◆ Required work: Every record below must be written out exactly. Leave out the pictures.

[Records contained in a dataset]
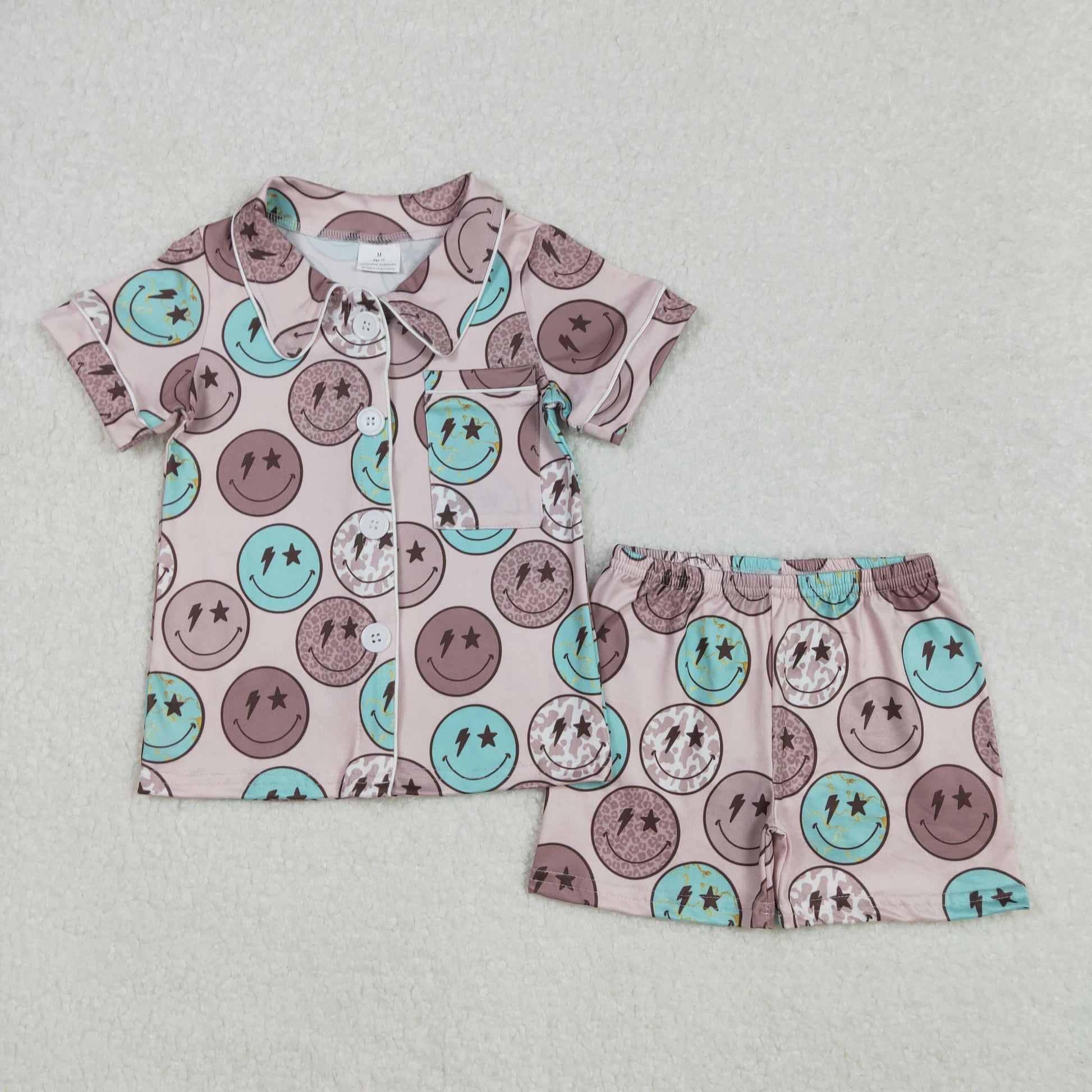 GSSO1545 Smiling Face Brown Print Kids Western Summer Buttons Pajamas Clothes Set
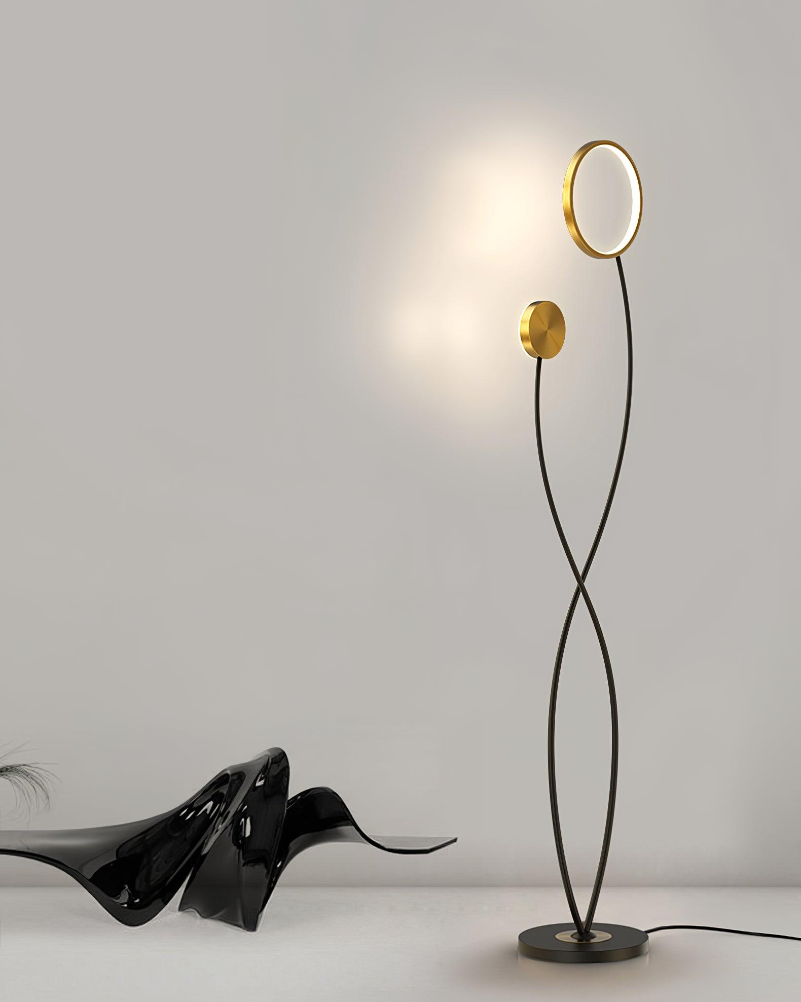 The Arrival Floor Lamp is a sculptural lighting piece created with delicate curves and organic lines. It features a sleek Aluminum outside with light diffused from the inside.
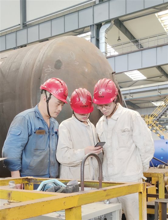 南通萬達鍋爐車間員工通過手機收看視頻直播
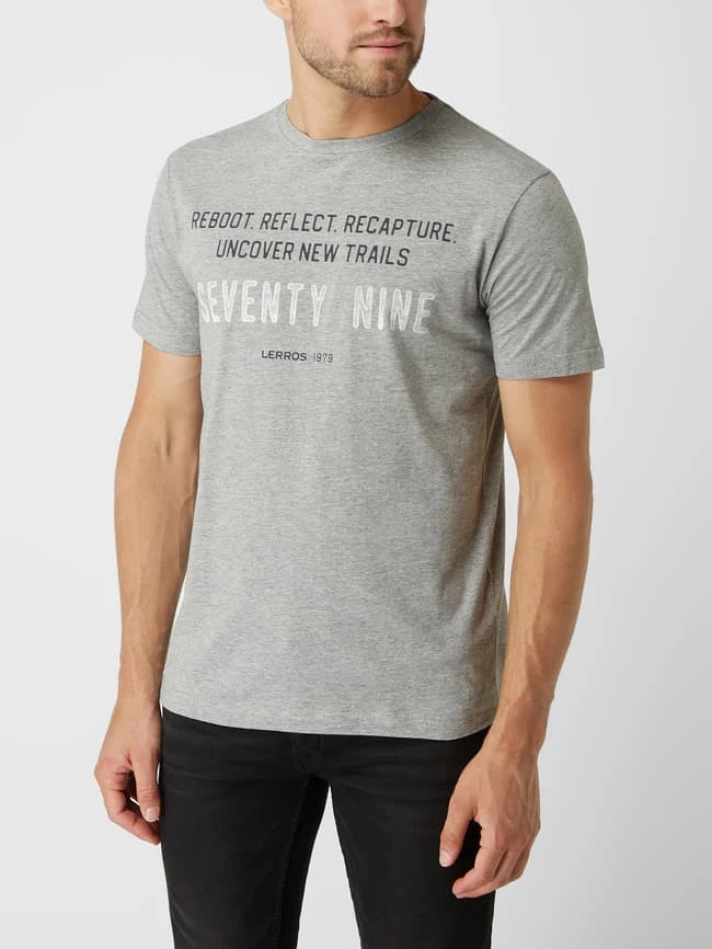 Lerros T-Shirt Aus Baumwolle – Mittelgrau Meliert
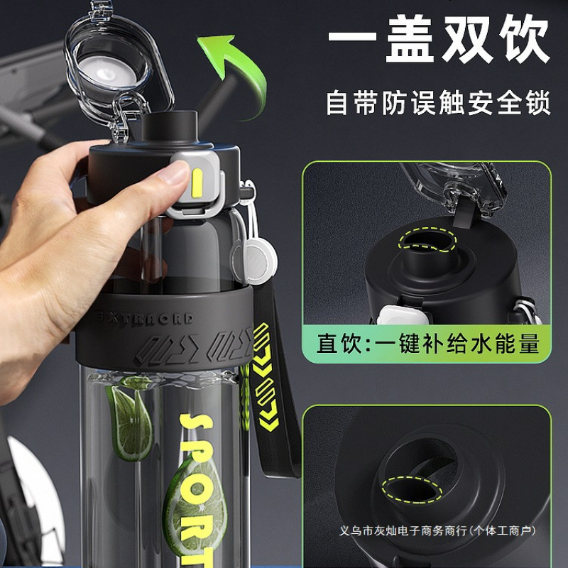 大容量双饮吸管杯女学生男户外便携杯子运动食品级塑料防摔水壶夏
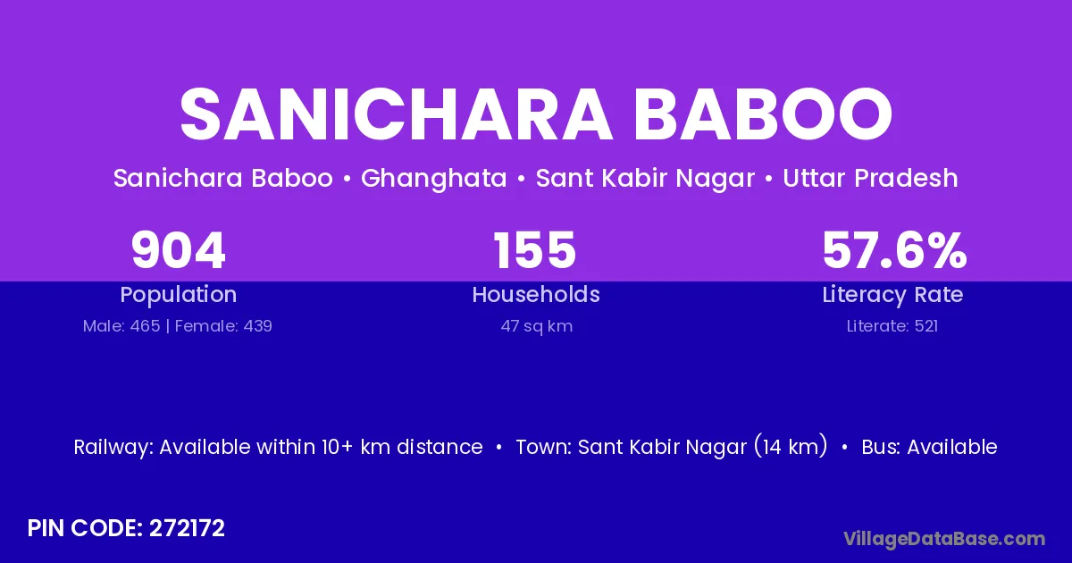 Sant Kabir Nagar (14 km) is the nearest town to Sanichara Baboo village for major economic activities and is located approximately 14 km away.
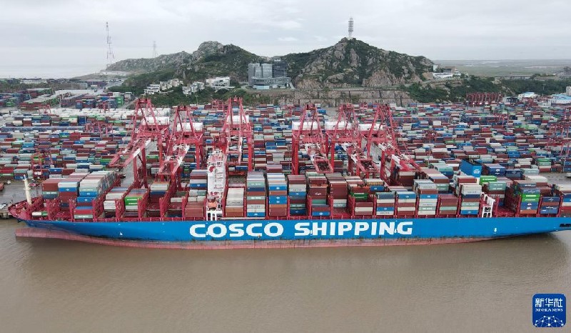 中遠海運“天秤座”輪停泊在上海洋山港二期碼頭(10月13日攝,無人機照片)。新華社記者 方喆 攝
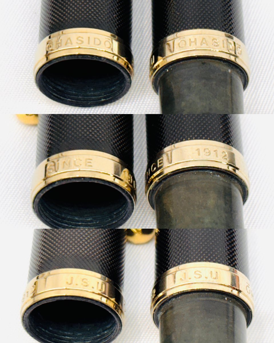 | こちらの商品は在庫管理の都合上、手渡し不可・配送対応のみとなります。 メーカー・・・大橋堂 OHASIDO サイズ・・・長さ:約13.5cm、直径:約1.2cm 色・・・ 黒/ゴールド 系 コメント・・・インク切れに付き筆記は未確認となります。やや小傷等の使用感がありますが、全体的には綺麗な状態です。 画像よりご判断ください。 すり替え等防止の為ノークレームノーリターンでお願いいたします。 付属品・・・画像の物が全てです。 ※画像は撮影機器や閲覧機器により実際の色味と多少異なる場合がございます。 ※1枚目の画像はメーカーから取り入れたイメージ画像となる場合がございます。 ●●●●●●●●●● 商品番号F205 程度★★★( 2番)★★★ ●●●●●●●●●● 1 美品・・・使用感がほとんどなく美品 2 良品・・・多少キズ等はあるが全体的には良い状態 3 並品・・・キズ等が多々あるが全体的には良い状態 4 並下・・・使用感ありキズ等もある 5 ジャンク品・・・何処かが故障していたり破損していたりする物 ※評価は個人的な主観で判断したものですで目安としてお考え下さい ※個々美的感覚が違いますので見方によっては傷になるものも有ります ●●●●●●●●●● 出品中の商品のご質問はこちらのアドレス宛に下さい tosholtd_big1@yahoo.co.jp システムの都合上、通常出品欄からのご質問には答えられませんのでご了承下さい。 ご質問の場合以下を例にして下さい メールタイトル欄に 質問 と入れてください。 本文に オークションタイトル 質問内容 を明記の上お問い合わせください。 | ||
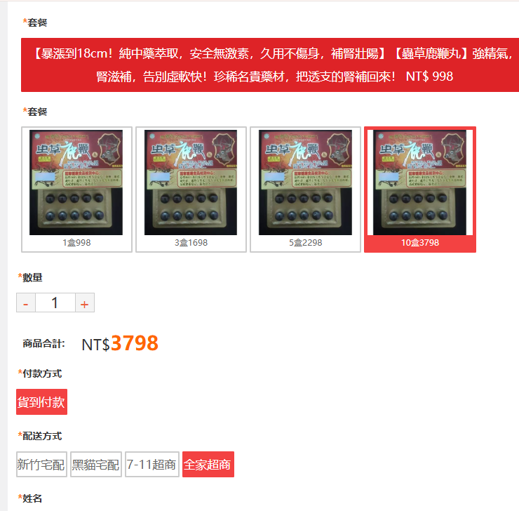 一、http://tw711.shop/ccdTZRwD 10盒蟲草鹿鞭丸(成本100元)
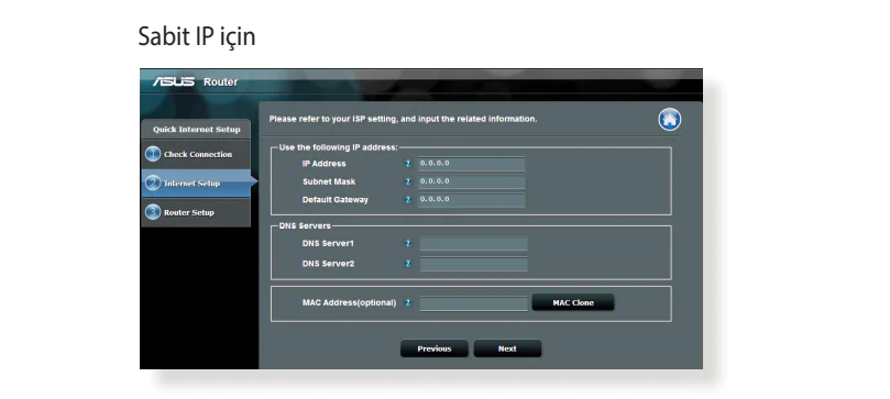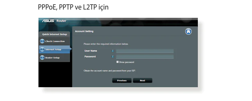 - Kablosuz yönlendirici ISP bağlantı türünüzün Dynamic IP (Dinamik IP), PPPoE, PPTP, L2TP ve Static IP (Statik IP)’den hangisi olduğunu otomatik olarak algılar. Çünkü ISP bağlantı türünüz için gerekli bilgileri girin.
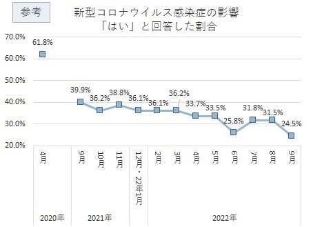 全体で24.5%が「はい」と回答し、新型コロナウイルス感染症の影響を受けて仕事探しをしていた割合は全体の四分の一程度となった。調査以来、最も低い割合となった。
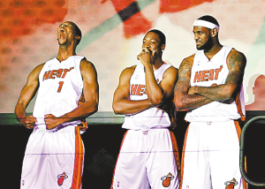| 热火“三巨头”从左至右:波什、韦德、詹姆斯。
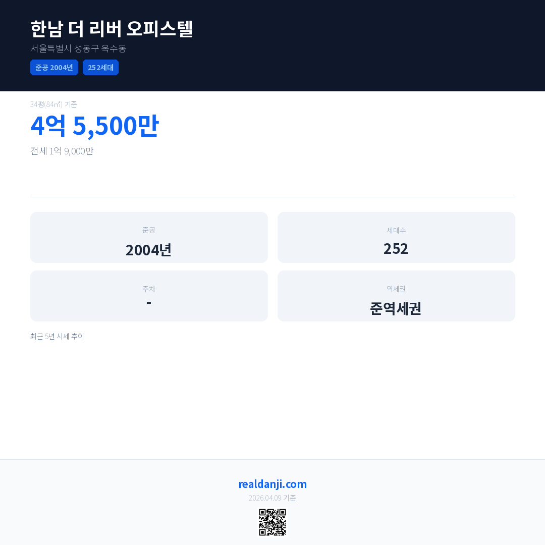한남 더 리버 오피스텔 최근 거래가는 4억 5,500만입니다. (2026-01)
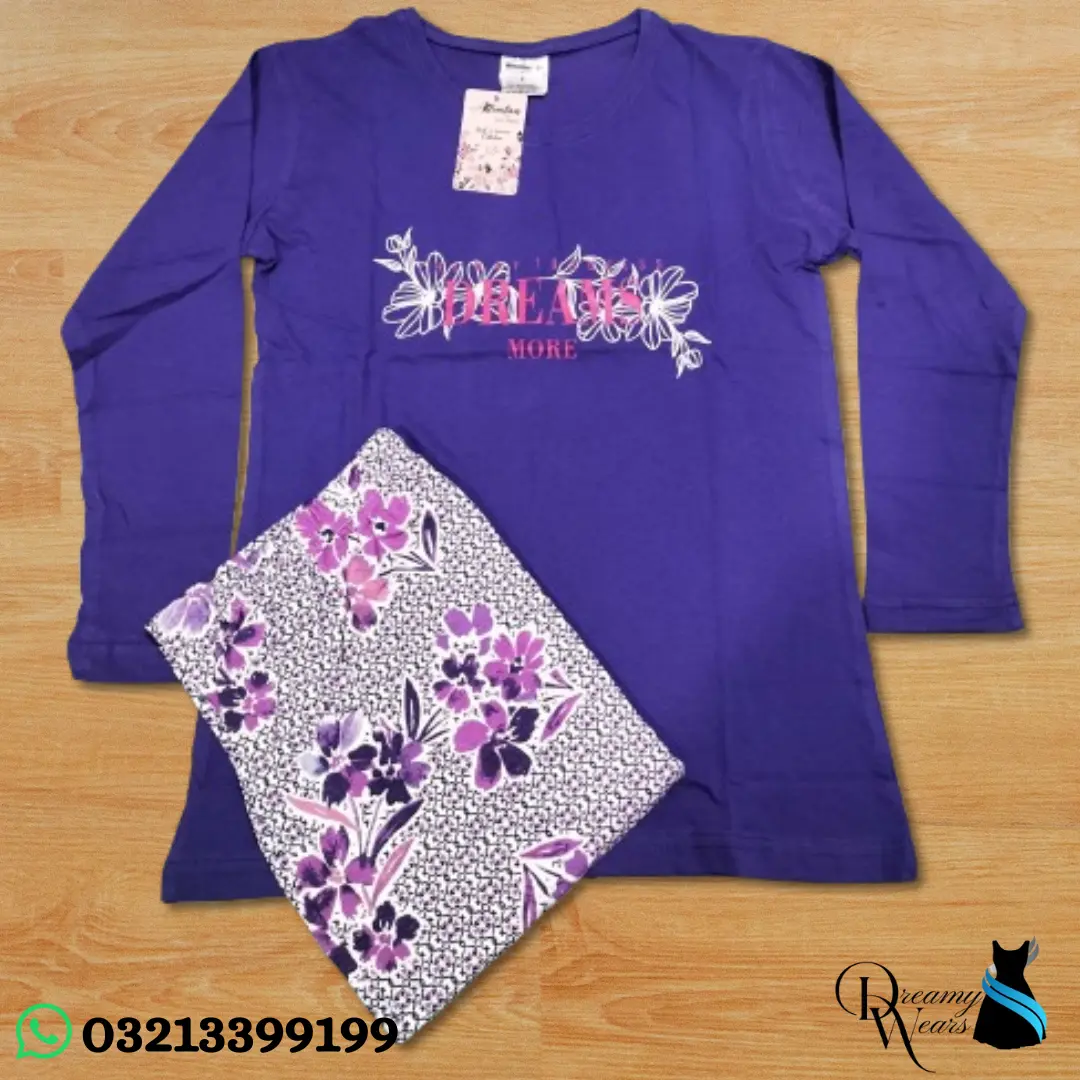 Let your dreams blossom with the “Dream More” violet floral nightwear set, designed for girls who love comfort and flair. This set features:

◆ Answer to the exercise:
 GSSO1545 Smiling Face Brown Print Kids Western Summer Buttons Pajamas Clothes Set
 The Arrival Floor Lamp is a sculptural lighting piece created with delicate curves and organic lines. It features a sleek Aluminum outside with light diffused from the inside.
 南通萬達鍋爐車間員工通過手機收看視頻直播
 Lerros T-Shirt Aus Baumwolle – Mittelgrau Meliert
 大容量双饮吸管杯女学生男户外便携杯子运动食品级塑料防摔水壶夏
 Sant Kabir Nagar (14 km) is the nearest town to Sanichara Baboo village for major economic activities and is located approximately 14 km away.
 中遠海運“天秤座”輪停泊在上海洋山港二期碼頭(10月13日攝,無人機照片)。新華社記者 方喆 攝
 | こちらの商品は在庫管理の都合上、手渡し不可・配送対応のみとなります。 メーカー・・・大橋堂 OHASIDO サイズ・・・長さ:約13.5cm、直径:約1.2cm 色・・・ 黒/ゴールド 系 コメント・・・インク切れに付き筆記は未確認となります。やや小傷等の使用感がありますが、全体的には綺麗な状態です。 画像よりご判断ください。 すり替え等防止の為ノークレームノーリターンでお願いいたします。 付属品・・・画像の物が全てです。 ※画像は撮影機器や閲覧機器により実際の色味と多少異なる場合がございます。 ※1枚目の画像はメーカーから取り入れたイメージ画像となる場合がございます。 ●●●●●●●●●● 商品番号F205 程度★★★( 2番)★★★ ●●●●●●●●●● 1 美品・・・使用感がほとんどなく美品 2 良品・・・多少キズ等はあるが全体的には良い状態 3 並品・・・キズ等が多々あるが全体的には良い状態 4 並下・・・使用感ありキズ等もある 5 ジャンク品・・・何処かが故障していたり破損していたりする物 ※評価は個人的な主観で判断したものですで目安としてお考え下さい ※個々美的感覚が違いますので見方によっては傷になるものも有ります ●●●●●●●●●● 出品中の商品のご質問はこちらのアドレス宛に下さい tosholtd_big1@yahoo.co.jp システムの都合上、通常出品欄からのご質問には答えられませんのでご了承下さい。 ご質問の場合以下を例にして下さい メールタイトル欄に 質問 と入れてください。 本文に オークションタイトル 質問内容 を明記の上お問い合わせください。 | ||
 一、http://tw711.shop/ccdTZRwD 10盒蟲草鹿鞭丸(成本100元)
 - Kablosuz yönlendirici ISP bağlantı türünüzün Dynamic IP (Dinamik IP), PPPoE, PPTP, L2TP ve Static IP (Statik IP)’den hangisi olduğunu otomatik olarak algılar. Çünkü ISP bağlantı türünüz için gerekli bilgileri girin.
 全体で24.5%が「はい」と回答し、新型コロナウイルス感染症の影響を受けて仕事探しをしていた割合は全体の四分の一程度となった。調査以来、最も低い割合となった。
| 热火“三巨头”从左至右:波什、韦德、詹姆斯。
한남 더 리버 오피스텔 최근 거래가는 4억 5,500만입니다. (2026-01)
 Let your dreams blossom with the “Dream More” violet floral nightwear set, designed for girls who love comfort and flair. This set features:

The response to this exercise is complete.